I have three theories about this chair, and how it got into the basement without us knowing or having a hand in it:

 

  1. Someone broke into the vacant house, pulled up a section of floor, carefully lowered the chair down to the basement, then replaced the floorboards and relaid the carpet in such a way that their deed would not be noticed upon casual inspection of the floor, but would make a great impact when said hideous chair was found.
  2. The chair has always been there. Wrapped up in our own lives and every day drama, the chair stayed, neglected, unnoticed, until such a time as all of our crap was moved out and we were forced to confront the reality of the chair. Furthermore, the chair was placed in the basement prior to the construction of the house, which was built around the chair.
  3. Some point in our basement behaves in the same manner as the area around the event horizon of a black hole, and all the particles of the chair popped into our physical space when they disappeared from another location.
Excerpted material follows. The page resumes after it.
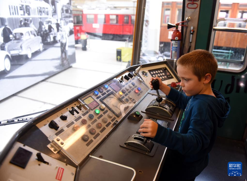 8月30日,在奥地利维也纳交通博物馆,一名男孩体验地铁列车的驾驶室。

For example, the chair may have been in our neighbor’s house before its particles winked out of our known dimension and rematerialized in an area with a greater attractive force, ie, our basement. This black hole theory would also explain the disappearance of my REM Monster Tour t-shirt with Michael Stipe looking romantically angsty and defeated on it that went suddenly missing in high school.

Any way you slice it, I don’t want to get rid of this chair. Is it ugly? Yes. Does its sudden appearance baffle me? Most certainly so. But it is the most comfortable chair ever to lovingly cradle my flat, white butt. Which opens up a world of paranoia all of its own:

  • Is the chair’s comfort a plot to ensnare me, helpless, before the television to watch episode after episode of E! True Hollywood Story? Is it actually a sophisticated hologram beamed into my family room by the television networks to guarantee that I will be watching?
  • Is the chair actually a demonic entity, lulling me into a false sense of security before one day successfully draining my soul and feasting up on it as I writhe in agony, tormented by visions of my misdeeds?
  • Could the chair have been placed here by aliens as a calming amnesiac device to remove all memory of the horrible experiments they subject me to nightly?

All I know is, I don’t want to get rid of this chair. It is a part of me, as I am a part of creation, all of the earth and sky.